Inverse PCR was also used to identify the insertion sites of T-DNA in transgenic soybean lines. The inverse PCR method was performed referring to Rønning et al.⁷¹ with slight modifications. Ten micrograms of genomic DNA were digested with either BamHI or XbaI. The digested DNA was self-ligated with T4 DNA ligase. The ligated DNA fragments were used as the DNA templates for primary PCR with the primer set of LB1/Bar3R or NTP1R/NTP5F. Using the primary PCR product, secondary PCR was performed using the nested primer set of LB2/Bar2R or NTP6F/35SproR specific to the T-DNA construct. The primers used in inverse PCR are found in Supplementary Table S1. The PCR products were confirmed on the agarose gel. The confirmed secondary PCR product was sequenced by Sanger sequencing.

The sequences from TAIL PCR and inverse PCR were analyzed using Quick Wm82 Genome BLAST at SoyBase (https://www.soybase.org/) to identify integration loci in soybean chromosomes⁷².

PCR validation of T-DNA insertions

Primers were designed to generate an amplicon that contains a small portion of 5′ T-DNA end and 5′ flanking region or 3′ T-DNA end and 3′ flanking region. Primer sets of 35SproR/Gm11R, Gm03F/LB3, and LB3/GM14R were used for the insertion loci validation of soybean transgenic lines of 14A, 17B, and 16C, respectively (Supplementary Table S1). Untransformed soybean genomic DNA and distilled water were used as negative controls in PCR reactions. PCR was performed using genomic DNA of three transgenic plants and PCR SuperMix (Invitrogen, (Thermo Fisher Scientific) according to the manufacturer’s instructions. The PCR program was as follows: 94 °C (4 min); 28 cycles of and 94 °C (30 Re: revised manuscript submitted; one query from editor sec), 53 °C (30 s), and 68 °C (1 min); and then 72 °C (7 min). Amplified products were analyzed on 1% agarose gels.

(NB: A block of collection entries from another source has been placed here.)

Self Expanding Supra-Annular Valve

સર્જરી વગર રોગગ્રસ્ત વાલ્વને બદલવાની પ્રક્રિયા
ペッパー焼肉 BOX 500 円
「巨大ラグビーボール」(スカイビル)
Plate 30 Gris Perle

Transgenic events, elite varieties, and introgression lines

The parent variety, Williams 82, was developed by the USDA-ARS and the Illinois Agriculture Experiment Station and released in 1981. It is a late group III indeterminate variety (relative maturity 3.8). Williams 82 was selected because of its ability to facilitate plant genetic transformation. Williams 82 was also the cultivar used for soybean whole-genome shotgun sequence of Glycine max⁷³. Three independent transgenic events of psNTP9, designated as 14A, 16C and 17B, were previously characterized¹⁹. Null siblings that did not contain psNTP9 gene were segregated from T2 population of each transgenic event and used as negative control. In order to integrate psNTP9 gene into newer varieties for commercial product development, lead events were backcrossed into several elite varieties differing in relative maturity. The soybean elite varieties chosen as recurrent parents for backcrossing, included A1900 (relative maturity 1.9), DSR262 (relative maturity 2.6), and A3431 (relative maturity 3.4).

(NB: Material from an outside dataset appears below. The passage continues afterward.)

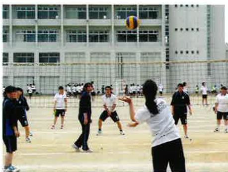
バレーボールの様子

技で優勝。サッカーは進学コース2年2組が健闘し、優勝候補と言われた進学コース3年4組を破り優勝しました。1年生も、新競技のバドミントンで特進コース1年1組が準優勝、ソフトテニスで進学コース1年3組が準優勝と健闘を見せ、来年度以降の活躍が期待できる結果となりました。暑い日となりましたが、熱中症で倒れる生徒もなく、充実した楽しい球技大会でした。

Multiple year and multiple location field trials

The field trials were conducted in the US from 2016 through 2019 as well as in Argentina in 2019. Except for 2017 seed increases and plot trials in Puerto Rico, field trials were located within the major soybean production areas of both Argentina and US, thereby covering the diverse environmental conditions for soybean in these two countries. All the trials used a Randomized Complete Block Design (RCBD). Due to seed limitation of transgenic events, 2016 trial sites used 3 replicates. The field trials in 2017 through 2019 had 4–5 replications, with plot size of 7.6 m × 3.0 m (or 25 ft × 10 ft). The four rows were sown at a row spacing of 0.76 m (or 2.5 ft); only the interior two rows of soybean plants were harvested for seed yield analysis. All the plant experiments were in compliance with relevant institutional, national, and international guidelines and legislation.

Field trial data acquisitions

In the course of plant growth and development, agronomic performance data were collected for gene efficacy evaluation, in addition to soybean seed yield at harvest. Agronomic data included days to 50% emergence, early plant stand, initial plant density, seedling vigor scoring, plant height (at V2–V3 and R6–R7), days to 50% flowering, days to 50% maturity, lodging score, shattering score, plant stand at R8, flower color, seed moisture (%) and test weight at harvest, grain weight, arthropod counts, pest damage and disease infestation.

Field trial statistical analyses

Agronomic and yield data from multiple locations over multiple years were analyzed using a linear mixed model. The locations were analyzed individually as well as grouped by country and a global analysis of all locations combined.

The individual location analysis used the following model:

$$y_{ij} = \, \mu \, + g_{i} + \, r_{j} + \, e_{ij} ,$$

$$r_{j} \sim \, iid \, N\left( {0,\sigma^{2} Rep} \right)\,{\text{and}}\,e_{ij} \sim \, iid \, N(0, \, \sigma^{2} plot).$$

Notation:
- y_ij denotes the unique individual observation.
- µ denotes the overall mean.
- g_i denotes the mean of the ith entry.
- r_j denotes the effect of the jth block.
- Ε_ij denotes the effect of the plot assigned the ith entry in the jth block (residual error).
- ~ iid N(0, σ²) indicates random variables that are identically and independently distributed (iid) as normal with zero mean and variance σ².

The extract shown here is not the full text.